[Excerpts from a dataset]

---

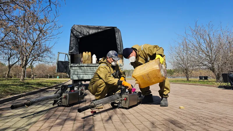 Дезинсекционные мероприятия проводит филиал РГП на ПХВ "Национальный центр экспертизы" – "Центр дезинфекции по городу Алматы" под контролем санитарно-эпидемиологической службы. Сформированные бригады полностью обеспечены необходимым оборудованием, транспортом и средствами индивидуальной защиты.
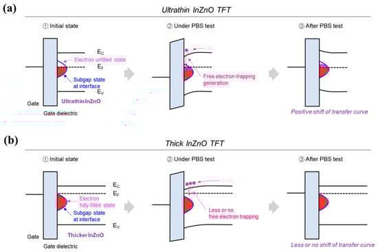 As shown in Figure 3a, a PBS test using a gate bias stress condition of +10 V for 7.2 ks was performed to evaluate the operational stability of oxide TFTs using thickness-controlled InZnO thin films. All the TFTs, regardless of the thickness of the InZnO film, have similar gate dielectric/channel interfaces and back-channel conditions, indicating that they contain almost the same charge-trapping sites. However, as shown in Figure 3a, the TFT with a 4 nm thick InZnO film exhibited a significant positive shift in the transfer curve despite a short stress time. The transfer curve shifts excessively in the positive direction beyond the measurement range during the PBS test. This is because free electrons in the narrow-channel region are frequently trapped at the active subgap states present in the gate dielectric/channel interface or can easily interact with the surrounding oxygen gas molecules at the back channel. As shown in Figure 4a, when the charge-trapping defect states near the gate dielectric/channel interface were not filled with electrons, they actively captured free electrons under the PBS stress condition, causing a dramatic positive directional shift in the transfer curve. In contrast, as shown in Figure 3b–e, the instability under PBS stress can be overcome by increasing the thickness of the InZnO film. The ∆VTh of TFTs under PBS is 13.1, 8.7, and 6.2 V for InZnO films with a thickness of 8, 12, and 16 nm. As shown in Figure 4b, the thicker semiconducting films contained more electron carriers. Thus, in the initial state, many subgap states that contribute to charge trapping at the gate dielectric/channel interface are already filled. These electron-filled subgap states do not serve as active electron-trapping sites in the PBS test. This indicates that fewer active trapping sites exist in thicker InZnO films, despite having almost equal amounts of charge-trapping sites near the gate dielectric/channel interface and the back channel. Thus, the shift in the positive direction of the transfer curve in the PBS test was significantly reduced when the thick InZnO films were used. However, the deterioration of the interface state in thicker InZnO films is evident due to the excessive application of multiple spin-coating steps. Therefore, the utilization of thicker InZnO films leads to a notable reduction in the positive shift of the transmission curve during PBS testing. Conversely, the sub-threshold swing (S.S.) experiences severe degradation under these conditions. Hence, whether the film thickness is ultrathin or ultrathick, the device performance tends to decrease. As shown in Figure 2b, that optimal performance is achieved at a thickness of 8 nm.
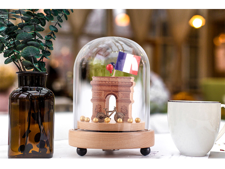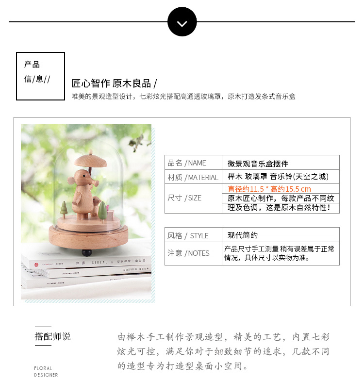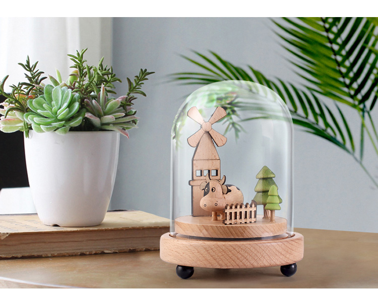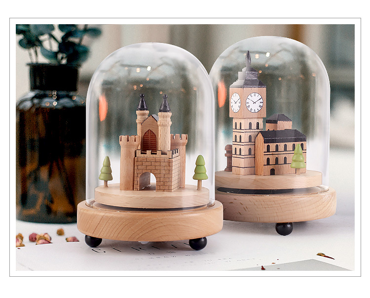 七彩創意微景觀玻璃罩木質音樂盒天空之城旋轉八音盒生日禮物擺件1入
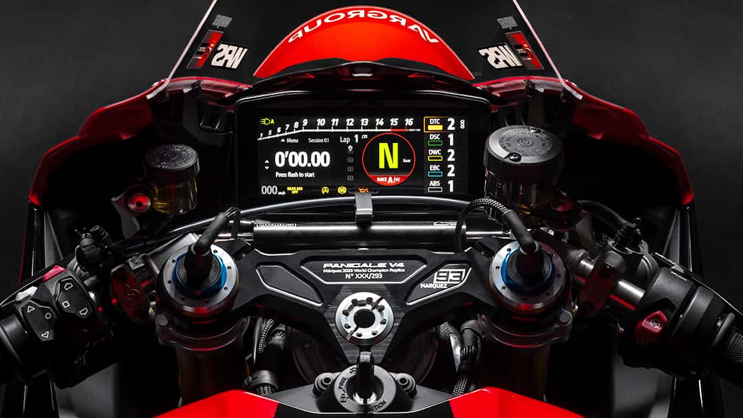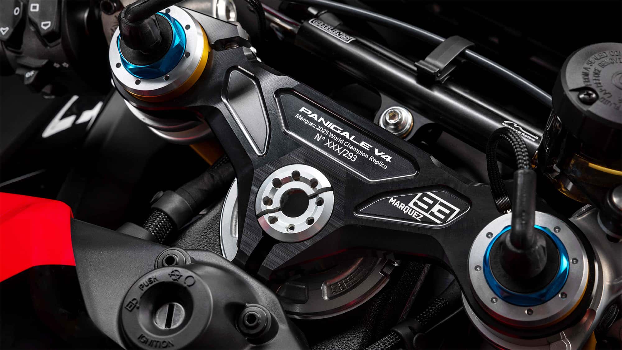 Limitiert auf 293 Exemplare weltweit ist die Ducati Panigale V4 Marquez 2025 World Champion Replica Sammlerstück und hochpotentes Superbike – mit Straßenzulassung. Extreme Eckdaten sind 218,5 PS (160,7 kW) bei 13.500/min und 186,5 Kilogramm (ohne Sprit).
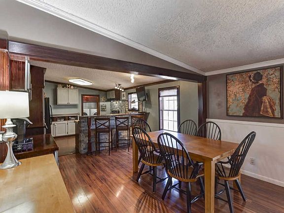 GORGEOUS, MOVE-IN READY HOME ON ALMOST 2 ACRES! This 3 bedroom/ 2 bath home is full of beautiful features and updates! Natural light spills throughout the flowing layout as you move with ease from one room to the next! The large living room features a cozy stove fireplace, gorgeous exposed beams and open access to the dining room and kitchen! The spacious and bright kitchen features a beautiful backsplash, updated appliances, bar with seating and tons of counter and cabinet space making cooking a breeze! The owner's suite offers a huge walk-in closet and spa-like en suite with double vanity and large walk-in shower! Each additional bedroom features ample closet space and lovely shared full bath. Enjoy relaxing or entertaining with family and friends on either the covered porch or large deck! This unique property offers endless possibilities for hobbies or homesteading!
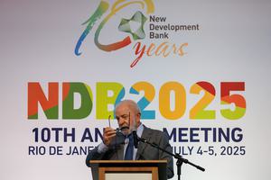 (250704) -- RIO DE JANEIRO, 4 julio, 2025 (Xinhua) -- El presidente de Brasil, Luiz Inácio Lula da Silva, reacciona durante la ceremonia de apertura de la décima reunión del Consejo de Gobernadores del Nuevo Banco de Desarrollo (NDB, siglas en inglés) del grupo de BRICS, en Río de Janeiro, Brasil, el 4 de julio de 2025. Lula da Silva defendió el viernes la creación de un nuevo modelo mundial de financiación para los países en desarrollo y destacó el uso de monedas locales para los proyectos del NDB del grupo de BRICS. (Xinhua/Claudia Martini) (cm) (jg) (da) (vf)
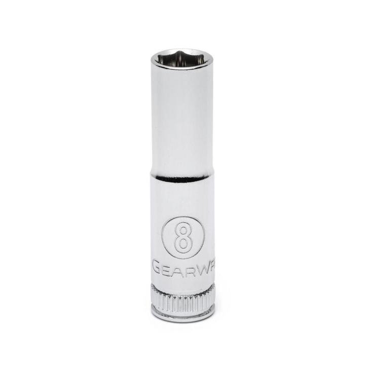 GEARWRENCH 80143 – Metric Socket, 1/4″ Drive, 6 Point, Deep, 8mm, Alloy Steel, Carded

---

Images must not appear; print each record precisely as it reads.

**Solution for this task**
 Дезинсекционные мероприятия проводит филиал РГП на ПХВ "Национальный центр экспертизы" – "Центр дезинфекции по городу Алматы" под контролем санитарно-эпидемиологической службы. Сформированные бригады полностью обеспечены необходимым оборудованием, транспортом и средствами индивидуальной защиты.
 As shown in Figure 3a, a PBS test using a gate bias stress condition of +10 V for 7.2 ks was performed to evaluate the operational stability of oxide TFTs using thickness-controlled InZnO thin films. All the TFTs, regardless of the thickness of the InZnO film, have similar gate dielectric/channel interfaces and back-channel conditions, indicating that they contain almost the same charge-trapping sites. However, as shown in Figure 3a, the TFT with a 4 nm thick InZnO film exhibited a significant positive shift in the transfer curve despite a short stress time. The transfer curve shifts excessively in the positive direction beyond the measurement range during the PBS test. This is because free electrons in the narrow-channel region are frequently trapped at the active subgap states present in the gate dielectric/channel interface or can easily interact with the surrounding oxygen gas molecules at the back channel. As shown in Figure 4a, when the charge-trapping defect states near the gate dielectric/channel interface were not filled with electrons, they actively captured free electrons under the PBS stress condition, causing a dramatic positive directional shift in the transfer curve. In contrast, as shown in Figure 3b–e, the instability under PBS stress can be overcome by increasing the thickness of the InZnO film. The ∆VTh of TFTs under PBS is 13.1, 8.7, and 6.2 V for InZnO films with a thickness of 8, 12, and 16 nm. As shown in Figure 4b, the thicker semiconducting films contained more electron carriers. Thus, in the initial state, many subgap states that contribute to charge trapping at the gate dielectric/channel interface are already filled. These electron-filled subgap states do not serve as active electron-trapping sites in the PBS test. This indicates that fewer active trapping sites exist in thicker InZnO films, despite having almost equal amounts of charge-trapping sites near the gate dielectric/channel interface and the back channel. Thus, the shift in the positive direction of the transfer curve in the PBS test was significantly reduced when the thick InZnO films were used. However, the deterioration of the interface state in thicker InZnO films is evident due to the excessive application of multiple spin-coating steps. Therefore, the utilization of thicker InZnO films leads to a notable reduction in the positive shift of the transmission curve during PBS testing. Conversely, the sub-threshold swing (S.S.) experiences severe degradation under these conditions. Hence, whether the film thickness is ultrathin or ultrathick, the device performance tends to decrease. As shown in Figure 2b, that optimal performance is achieved at a thickness of 8 nm.
 七彩創意微景觀玻璃罩木質音樂盒天空之城旋轉八音盒生日禮物擺件1入
 Limitiert auf 293 Exemplare weltweit ist die Ducati Panigale V4 Marquez 2025 World Champion Replica Sammlerstück und hochpotentes Superbike – mit Straßenzulassung. Extreme Eckdaten sind 218,5 PS (160,7 kW) bei 13.500/min und 186,5 Kilogramm (ohne Sprit).
 GORGEOUS, MOVE-IN READY HOME ON ALMOST 2 ACRES! This 3 bedroom/ 2 bath home is full of beautiful features and updates! Natural light spills throughout the flowing layout as you move with ease from one room to the next! The large living room features a cozy stove fireplace, gorgeous exposed beams and open access to the dining room and kitchen! The spacious and bright kitchen features a beautiful backsplash, updated appliances, bar with seating and tons of counter and cabinet space making cooking a breeze! The owner's suite offers a huge walk-in closet and spa-like en suite with double vanity and large walk-in shower! Each additional bedroom features ample closet space and lovely shared full bath. Enjoy relaxing or entertaining with family and friends on either the covered porch or large deck! This unique property offers endless possibilities for hobbies or homesteading!
 (250704) -- RIO DE JANEIRO, 4 julio, 2025 (Xinhua) -- El presidente de Brasil, Luiz Inácio Lula da Silva, reacciona durante la ceremonia de apertura de la décima reunión del Consejo de Gobernadores del Nuevo Banco de Desarrollo (NDB, siglas en inglés) del grupo de BRICS, en Río de Janeiro, Brasil, el 4 de julio de 2025. Lula da Silva defendió el viernes la creación de un nuevo modelo mundial de financiación para los países en desarrollo y destacó el uso de monedas locales para los proyectos del NDB del grupo de BRICS. (Xinhua/Claudia Martini) (cm) (jg) (da) (vf)
 GEARWRENCH 80143 – Metric Socket, 1/4″ Drive, 6 Point, Deep, 8mm, Alloy Steel, Carded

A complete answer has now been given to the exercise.